Thanks so very much for your encouragement, it means greatly to me. God Bless you!
I will, and she was so smart, creative, talkative and downright silly when she played and scampered about with “Tiger”, a rescue that now lives with my husband’s Mom, youngest sister and hubby in Plano, TX.
God Bless, and thanks so very much to remind me of good times!
But someone abandoned 4 more kittens about a year and a half ago on the road in front of our house. Took them in. They are great, though different than the 1st four.
They don't take the place of the first 4, but they fill the void.
“and if indeed the Lord God grants the sweet, unconditional loving spirits of certain of His Creation in animal life to dwell in Heaven. I don’t know.”
I don’t know either, but a couple of things have happened with pets in our family that make me tend to believe that the Bible distinctly points out that “it is appointed unto man once to die, and then judgement”. Why point that out unless some things live on this earth over and over and over and God is making a distinction between them, and mankind.

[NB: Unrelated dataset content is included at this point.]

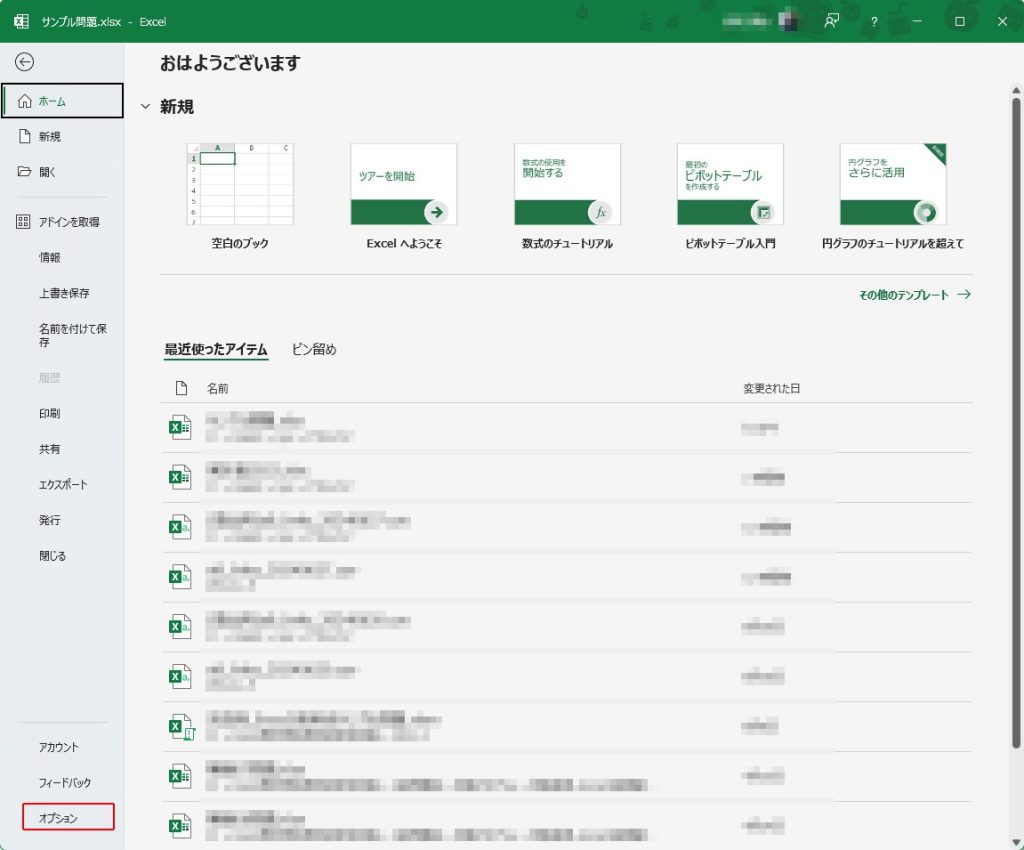 「ファイル」タブをクリックし、「オプション」をクリックします。(「オプション」が「その他」の中に隠れている場合もあります)
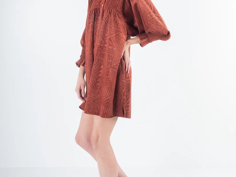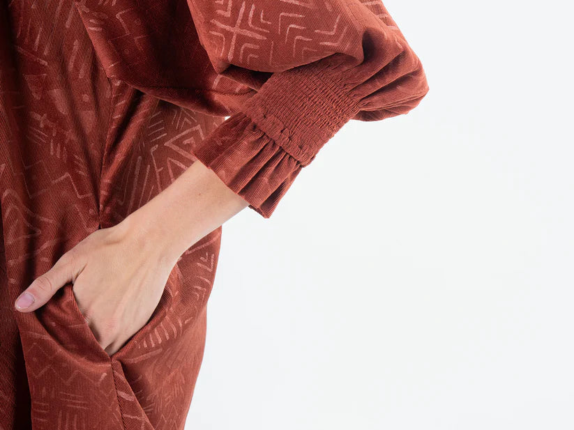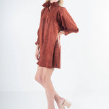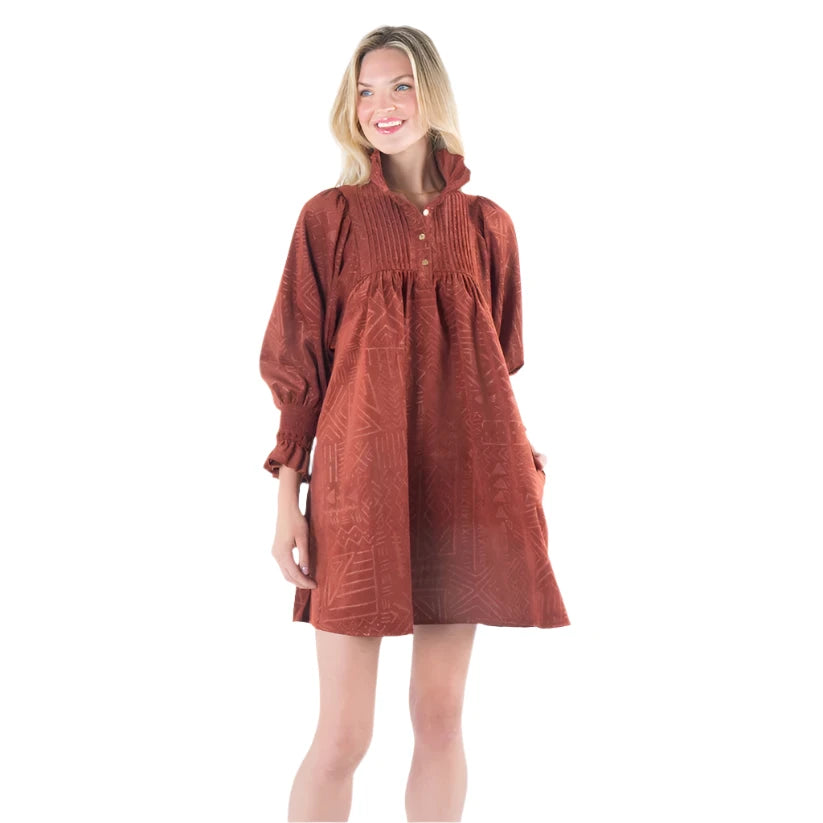 A refined update of the classic and beloved Stella, the Charlotte dress is a masterpiece of craftsmanship featuring intricate pleating and embroidered smocking, while the signature ruffled collar is here to stay adding that touch of modern elegance. Crafted in a velveteen corduroy rib stamped design that exudes bohemian charm and fall forward style. Pair with your best heels or boots for a fall event or date night!

I’ve lost four dogs, but three were really my Mom and Dad’s (Lady a Brittany Spaniel, Blazer a Brittany, and Lucky—a Pekinese, Pomeranian and Chihuahua mix).
“Sheba” I rescued around 1999-2000 while working for the Postal Service. I put her in my car one night and just took her home with me, she was as gentle as a lamb, apparently had been well-trained but mistreated and dumped.
That wonderful Akita / Shepherd mix with a literal mane and beautiful brushy tan and blonde coat was probably the best companion and rescue dog I’d ever witnessed. She’d lie down when I or my mom stopped, sit, stay, and never barked unless she sensed danger or played with the cat.
But of her apparent abuse, she was terribly afraid of loud noises and lightning and thunder. She would run away again and again, would not stay within a large fenced yard, and then my parents were cited with a city warning when a neighbor reported she growled and made fight at her kids—who were throwing rocks at her. They were afraid of course, and knew no better apparently.
I looked into dog resues, and the nearest was in Colorado. I should have taken her there after arranging it. My parents would not have her indoors but I understood, I should have searched harder, moved into a property with 25 acres for her to do walkabout in, $400/ mo fixer-upper. Idiot me.
I decided to put her to rest. My heart broke.
But if she’s running and playing with all the other pups in a special place in Heaven, that is good. If not, that’s ok.
It was meant, for myself and all who have pets, to enjoy, learn from, and take care of. And to pass that experience of love on to others.
Thank you :)
Thank you so very much. My prayers are with you as well, as all of us are going through something. Dear Lord God, give her Your Peace.
Awesome Good Shepherd, that is so wonderful for us all! Amen!